El oso polar


Increíblemente, me vienen persiguiendo los programas sobre osos polares. Tratándose de mis últimos días en Bogotá, le saco el máximo provecho a mi casa. Me dejo tomar la tarde en el sofá de cuero gris, al lado de un ronroneante Figo, y no hago esfuerzo alguno cuando la tele queda en algún canal sobre animales. He visto de peces, de mariposas y de cocodrilos-afortunadamente, nada de leones o tigres. Pero más de una vez caigo sobre el mismo paraje: un oso polar caminando el desierto ártico, un oso polar manchando el paisaje blanco con la sangre de una foca, un oso polar encontrando la guarida de una cría de foca.
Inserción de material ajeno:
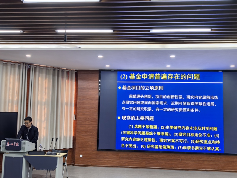 会上,郑俊杰教授作了题为《国家自然科学基金项目申请书撰写的一点体会》的报告,他结合自身深厚的学术积淀和丰富的基金评审经验,从宏观政策到微观撰写,对基金申请进行了系统剖析。首先深入解读了国家自然科学基金的近期申报导向、评审原则与注意事项。然后,郑教授聚焦于申报书撰写的核心环节,针对如何确立具有新颖性与创新性的选题、如何精准拟定项目名称、如何写好摘要与立项依据、如何设定研究目标与规划技术路线,以及如何凝练关键科学问题与创新点等,分享了大量实用技巧与独到见解。指导会还设置了案例剖析与“一对一”辅导环节,郑教授对多位教师提交的申报书初稿进行了现场点评,就其中存在的共性问题和个性化不足提出了极具针对性的修改意见。

La placidez de su rostro, la oscuridad de sus ojos, la contundencia de sus patas, me recuerda parajes nunca antes vistos. Agradezco a la vez que maldigo el no encontrarme en la esquina polar, conociendo de primera mano la esencia de la soledad, y la irremediable sensación de estar perdido-lo mismo me sucede cuando pienso en el cielo a gran altura, o en el océano a gran profundidad. Los dos espacios, por obvios motivos, son imposibles para mí: jamás llegaré a ellos. Pero creo que el desierto ártico bien puede reunir las dos características de éstos, y quizás por eso es que la tele se queda por ahí mostrándolos. Habrá que visitar el desierto. Y luego, el ártico.